[DATA PROVIDED — start]

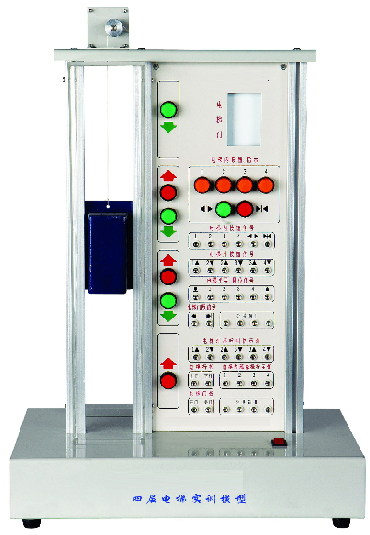 模型為微型實物的四層電梯模型,由底座、上下行轎箱、行程限位機構(gòu)、呼叫指示燈、轎箱門、控制面板、控制電機、傳感器、傳動機構(gòu)等部件組成。相關(guān)控制接口均已引出。
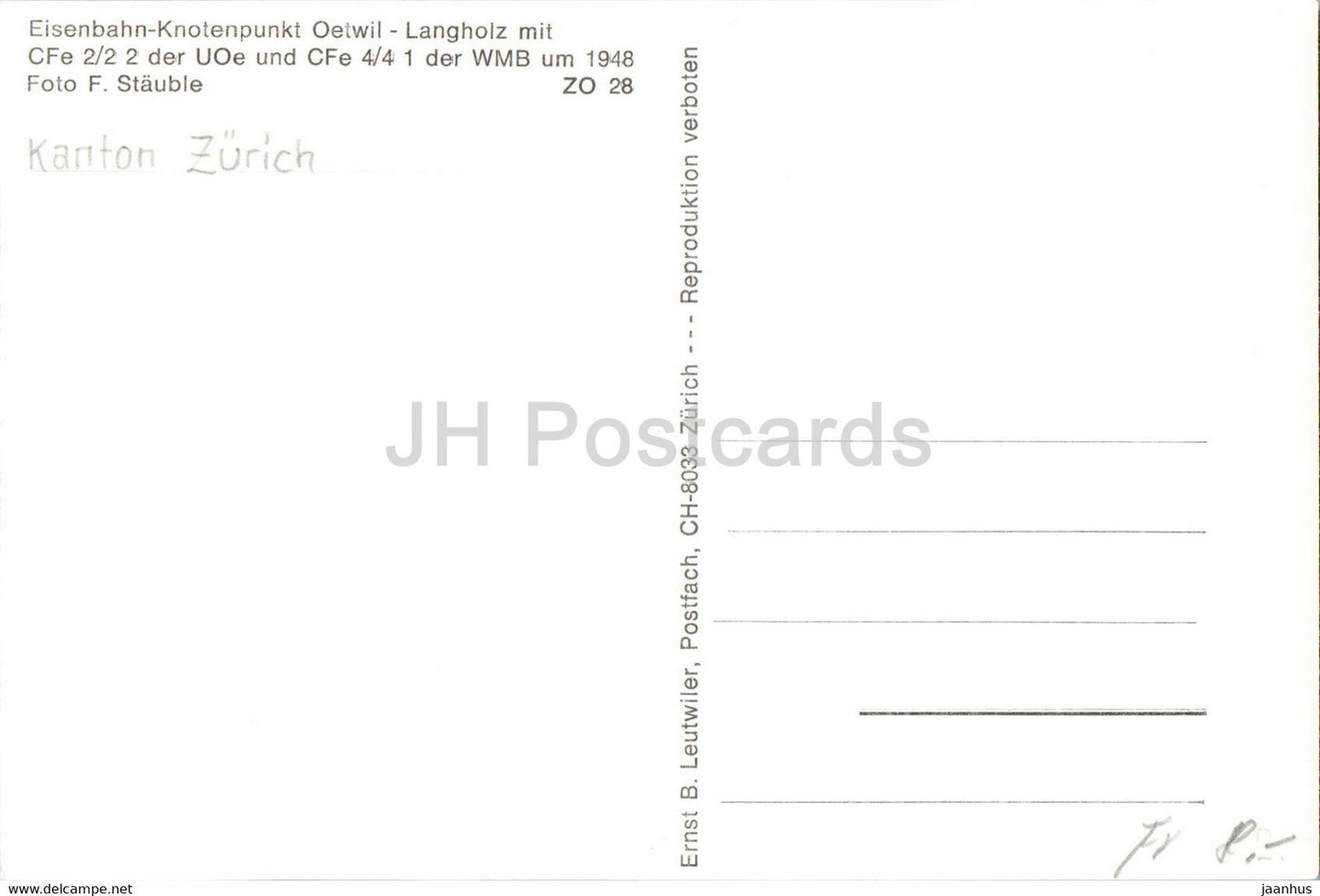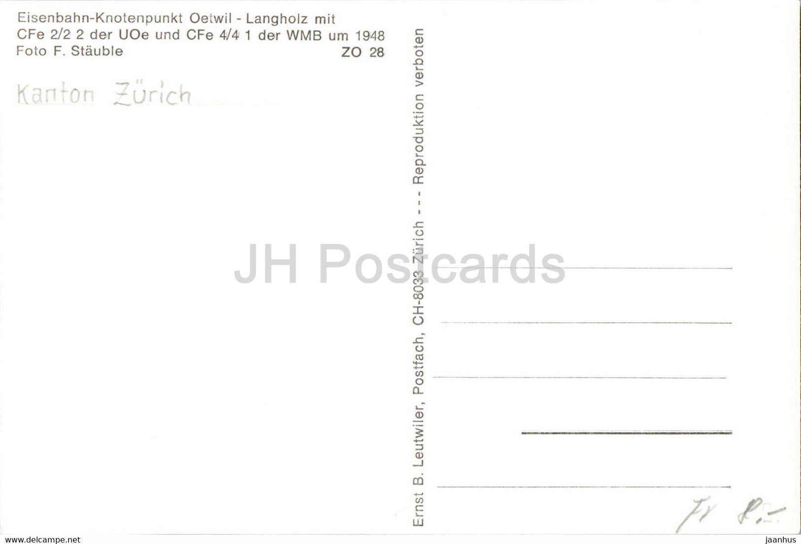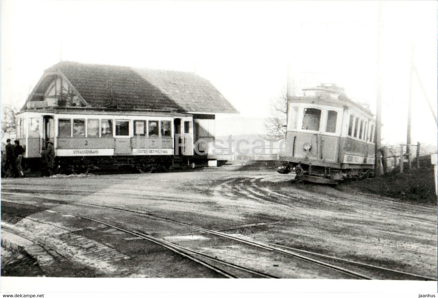 Eisenbahn Knotenpunkt Oetwil - tram - train - railway - old postcard - Switzerland - unused
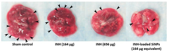 Lung tissues from untreated mice, from mice treated with free isoniazid (INH), and from mice treated with INH-loaded mesoporous silica nanoparticles (SiNPs) administered intravenously or subcutaneously. Black arrows indicate granulomas visible to the naked eye. Adapted from reference [118], copyright (2022) by Copyright Clearance Center, with permission from John Wiley and Sons.
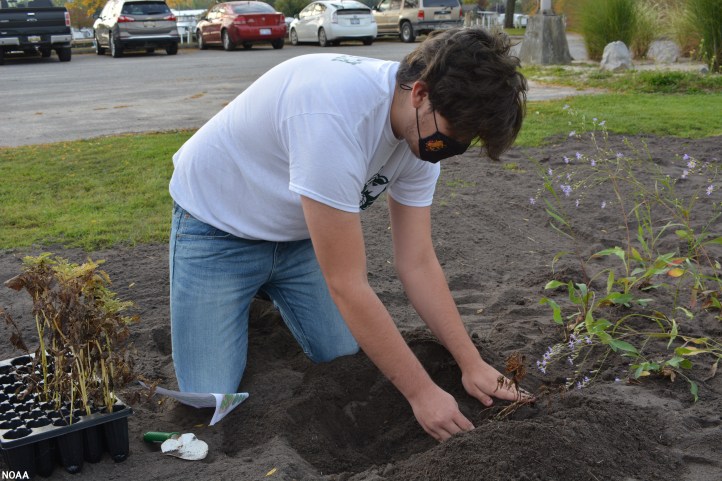 The agency notes that students from Au Gres-Sims High School worked with Michigan Sea Grant to secure funding to install a native plant bioswale at Riverside Park in Au Gres.

[DATA PROVIDED — finish]

REQUIREMENT: All the lines above are to be given again exactly as they read, with the pictures removed.

EXERCISE SOLUTION:
 模型為微型實物的四層電梯模型,由底座、上下行轎箱、行程限位機構(gòu)、呼叫指示燈、轎箱門、控制面板、控制電機、傳感器、傳動機構(gòu)等部件組成。相關(guān)控制接口均已引出。
 Eisenbahn Knotenpunkt Oetwil - tram - train - railway - old postcard - Switzerland - unused
 Lung tissues from untreated mice, from mice treated with free isoniazid (INH), and from mice treated with INH-loaded mesoporous silica nanoparticles (SiNPs) administered intravenously or subcutaneously. Black arrows indicate granulomas visible to the naked eye. Adapted from reference [118], copyright (2022) by Copyright Clearance Center, with permission from John Wiley and Sons.
 The agency notes that students from Au Gres-Sims High School worked with Michigan Sea Grant to secure funding to install a native plant bioswale at Riverside Park in Au Gres.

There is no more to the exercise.